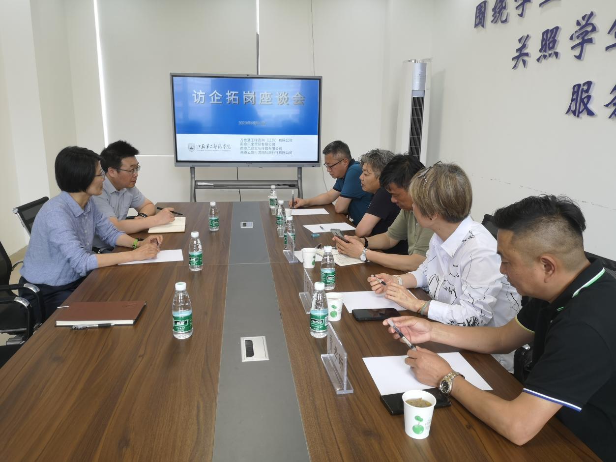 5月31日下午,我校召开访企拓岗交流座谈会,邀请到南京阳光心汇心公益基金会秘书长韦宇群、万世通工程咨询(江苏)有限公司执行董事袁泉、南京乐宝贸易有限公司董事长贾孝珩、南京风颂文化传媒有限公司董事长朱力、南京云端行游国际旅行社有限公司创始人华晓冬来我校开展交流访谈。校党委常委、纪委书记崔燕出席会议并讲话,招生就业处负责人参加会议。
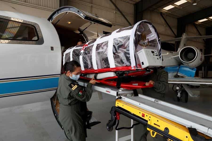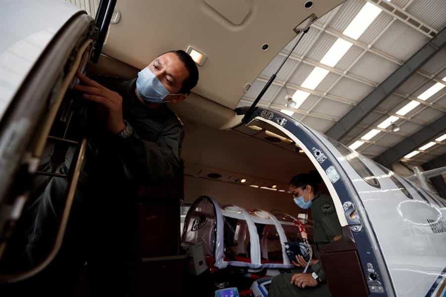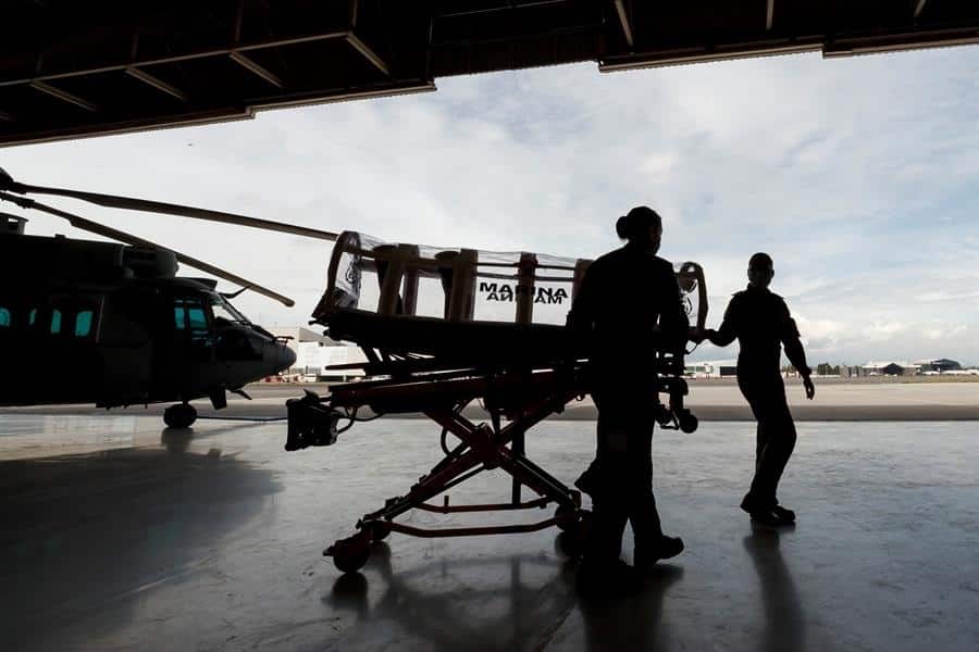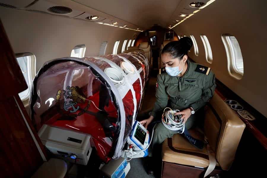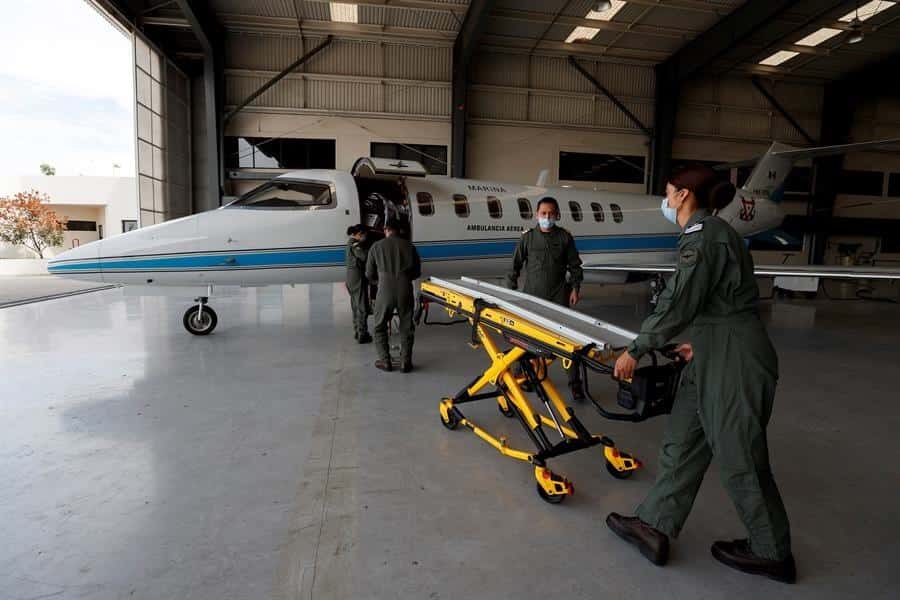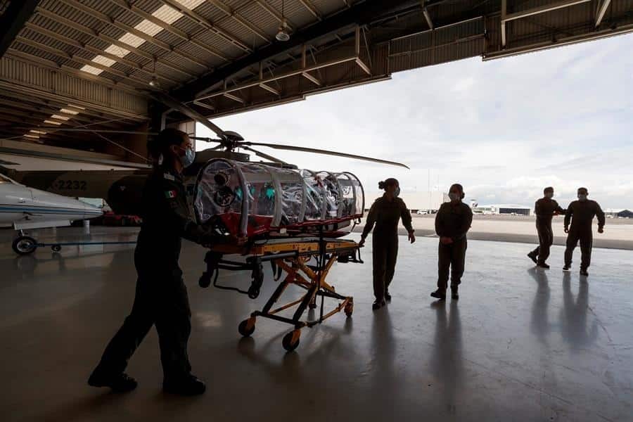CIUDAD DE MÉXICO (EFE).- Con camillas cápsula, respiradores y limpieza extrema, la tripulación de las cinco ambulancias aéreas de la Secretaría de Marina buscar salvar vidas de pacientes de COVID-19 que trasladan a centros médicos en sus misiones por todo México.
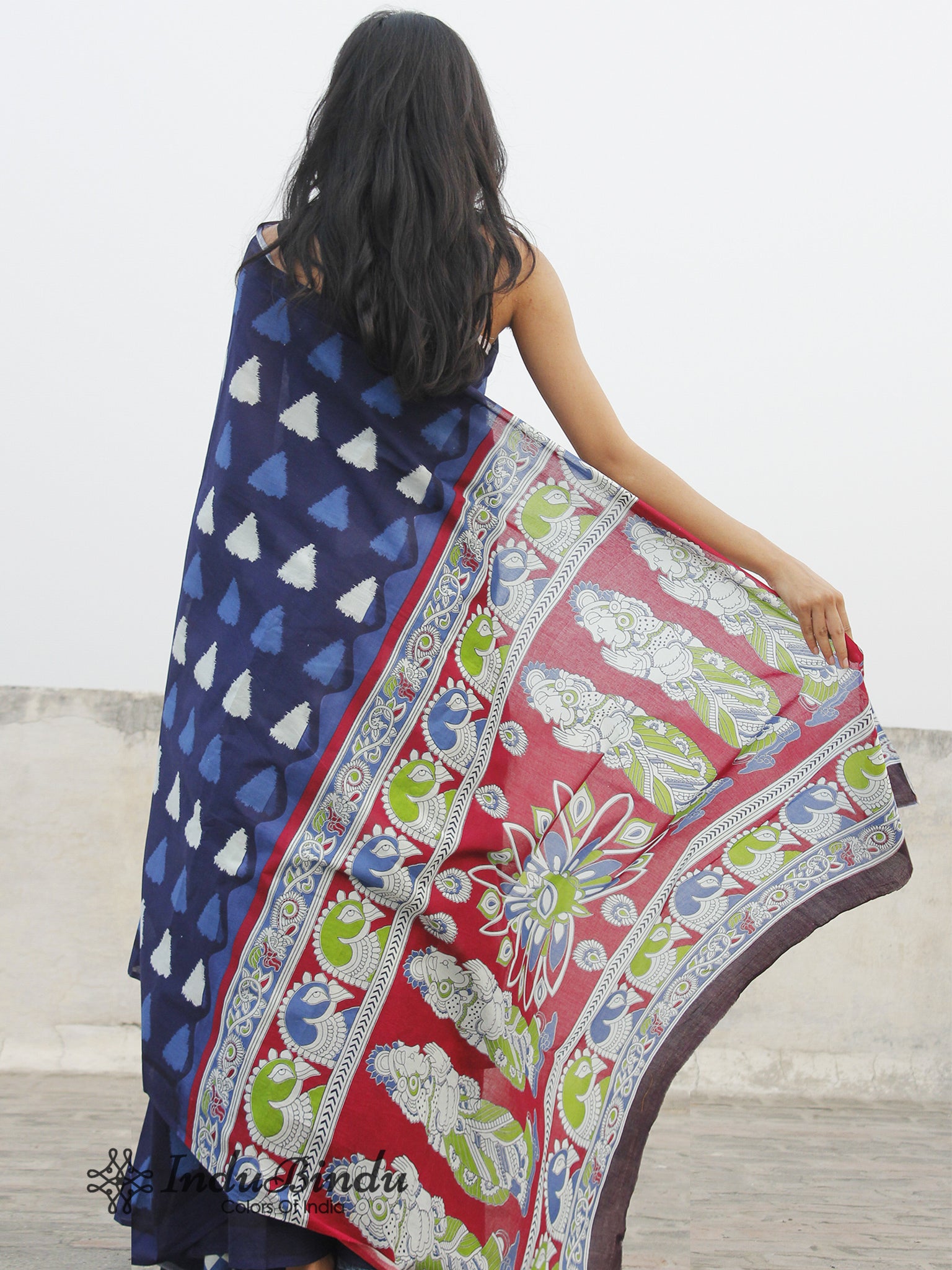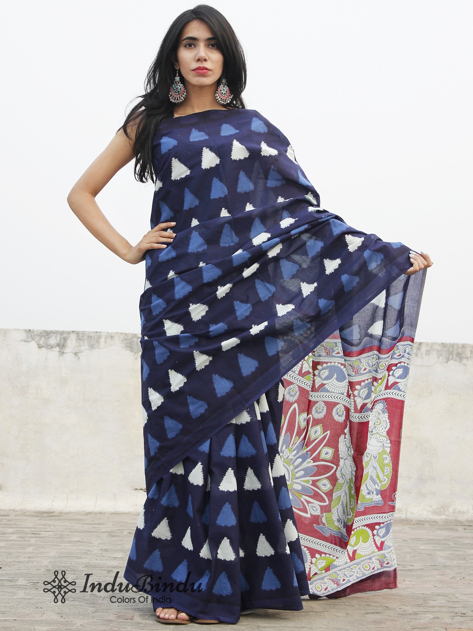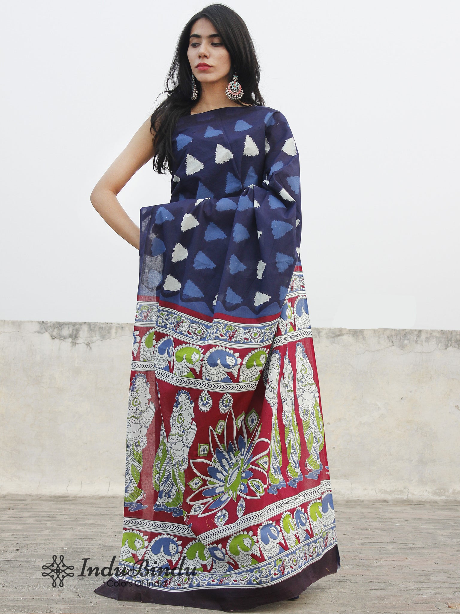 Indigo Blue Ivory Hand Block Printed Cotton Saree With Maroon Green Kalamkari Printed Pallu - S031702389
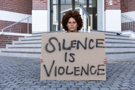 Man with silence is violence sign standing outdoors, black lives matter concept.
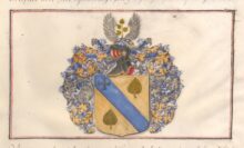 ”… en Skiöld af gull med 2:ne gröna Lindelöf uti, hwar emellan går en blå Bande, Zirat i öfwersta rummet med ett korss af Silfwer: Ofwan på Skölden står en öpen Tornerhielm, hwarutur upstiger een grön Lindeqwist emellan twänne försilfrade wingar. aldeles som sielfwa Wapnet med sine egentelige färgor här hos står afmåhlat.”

==

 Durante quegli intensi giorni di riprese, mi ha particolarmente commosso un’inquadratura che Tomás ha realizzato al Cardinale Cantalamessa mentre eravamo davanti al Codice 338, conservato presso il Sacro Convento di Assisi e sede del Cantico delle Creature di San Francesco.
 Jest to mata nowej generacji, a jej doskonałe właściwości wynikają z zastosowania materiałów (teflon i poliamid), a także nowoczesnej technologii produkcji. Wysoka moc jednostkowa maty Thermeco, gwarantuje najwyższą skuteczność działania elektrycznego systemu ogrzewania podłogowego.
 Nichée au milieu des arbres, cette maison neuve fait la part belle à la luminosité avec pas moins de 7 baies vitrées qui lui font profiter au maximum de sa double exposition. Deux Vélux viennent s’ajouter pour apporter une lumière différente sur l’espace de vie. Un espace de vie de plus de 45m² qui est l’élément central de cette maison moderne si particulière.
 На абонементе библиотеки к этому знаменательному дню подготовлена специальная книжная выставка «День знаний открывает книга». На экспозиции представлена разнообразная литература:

### [EXERCISE BRIEF]
Look above for the line containing "5月31日下午,我校召开访企", then write out every line from there down to the line containing "en Skiöld af", that line included, with no pictures.

### [ANSWER BOX]
 5月31日下午,我校召开访企拓岗交流座谈会,邀请到南京阳光心汇心公益基金会秘书长韦宇群、万世通工程咨询(江苏)有限公司执行董事袁泉、南京乐宝贸易有限公司董事长贾孝珩、南京风颂文化传媒有限公司董事长朱力、南京云端行游国际旅行社有限公司创始人华晓冬来我校开展交流访谈。校党委常委、纪委书记崔燕出席会议并讲话,招生就业处负责人参加会议。
CIUDAD DE MÉXICO (EFE).- Con camillas cápsula, respiradores y limpieza extrema, la tripulación de las cinco ambulancias aéreas de la Secretaría de Marina buscar salvar vidas de pacientes de COVID-19 que trasladan a centros médicos en sus misiones por todo México.
 Indigo Blue Ivory Hand Block Printed Cotton Saree With Maroon Green Kalamkari Printed Pallu - S031702389
 Man with silence is violence sign standing outdoors, black lives matter concept.
 ”… en Skiöld af gull med 2:ne gröna Lindelöf uti, hwar emellan går en blå Bande, Zirat i öfwersta rummet med ett korss af Silfwer: Ofwan på Skölden står en öpen Tornerhielm, hwarutur upstiger een grön Lindeqwist emellan twänne försilfrade wingar. aldeles som sielfwa Wapnet med sine egentelige färgor här hos står afmåhlat.”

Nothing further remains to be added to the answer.